> **WHAT IS REQUIRED**
Only one range belongs in the answer: the line holding "1. Конкретные - что" through the last line of the records, reproduced as is.

-------- ENTRIES SUPPLIED --------

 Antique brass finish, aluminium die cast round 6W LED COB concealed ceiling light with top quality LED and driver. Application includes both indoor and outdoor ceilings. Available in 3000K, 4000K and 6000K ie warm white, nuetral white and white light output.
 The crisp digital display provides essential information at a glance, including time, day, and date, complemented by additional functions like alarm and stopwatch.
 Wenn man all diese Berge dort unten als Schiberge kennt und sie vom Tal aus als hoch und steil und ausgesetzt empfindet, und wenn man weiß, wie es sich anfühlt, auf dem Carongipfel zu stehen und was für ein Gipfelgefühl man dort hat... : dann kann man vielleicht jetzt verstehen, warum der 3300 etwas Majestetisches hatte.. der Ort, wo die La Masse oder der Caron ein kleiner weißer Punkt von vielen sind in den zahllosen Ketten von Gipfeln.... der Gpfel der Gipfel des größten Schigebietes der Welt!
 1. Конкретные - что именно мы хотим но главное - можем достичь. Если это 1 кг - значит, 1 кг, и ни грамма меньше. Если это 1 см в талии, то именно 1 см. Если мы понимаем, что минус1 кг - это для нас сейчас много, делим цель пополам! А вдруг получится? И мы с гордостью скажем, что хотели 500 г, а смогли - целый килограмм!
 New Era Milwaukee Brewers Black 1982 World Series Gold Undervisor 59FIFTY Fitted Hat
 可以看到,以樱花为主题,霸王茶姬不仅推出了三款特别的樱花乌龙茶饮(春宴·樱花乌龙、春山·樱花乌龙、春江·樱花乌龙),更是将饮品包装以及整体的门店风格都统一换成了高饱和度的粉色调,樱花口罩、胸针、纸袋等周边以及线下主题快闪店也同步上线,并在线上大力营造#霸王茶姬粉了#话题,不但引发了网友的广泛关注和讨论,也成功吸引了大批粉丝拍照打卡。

--------

> **FINISHED TASK**
 1. Конкретные - что именно мы хотим но главное - можем достичь. Если это 1 кг - значит, 1 кг, и ни грамма меньше. Если это 1 см в талии, то именно 1 см. Если мы понимаем, что минус1 кг - это для нас сейчас много, делим цель пополам! А вдруг получится? И мы с гордостью скажем, что хотели 500 г, а смогли - целый килограмм!
 New Era Milwaukee Brewers Black 1982 World Series Gold Undervisor 59FIFTY Fitted Hat
 可以看到,以樱花为主题,霸王茶姬不仅推出了三款特别的樱花乌龙茶饮(春宴·樱花乌龙、春山·樱花乌龙、春江·樱花乌龙),更是将饮品包装以及整体的门店风格都统一换成了高饱和度的粉色调,樱花口罩、胸针、纸袋等周边以及线下主题快闪店也同步上线,并在线上大力营造#霸王茶姬粉了#话题,不但引发了网友的广泛关注和讨论,也成功吸引了大批粉丝拍照打卡。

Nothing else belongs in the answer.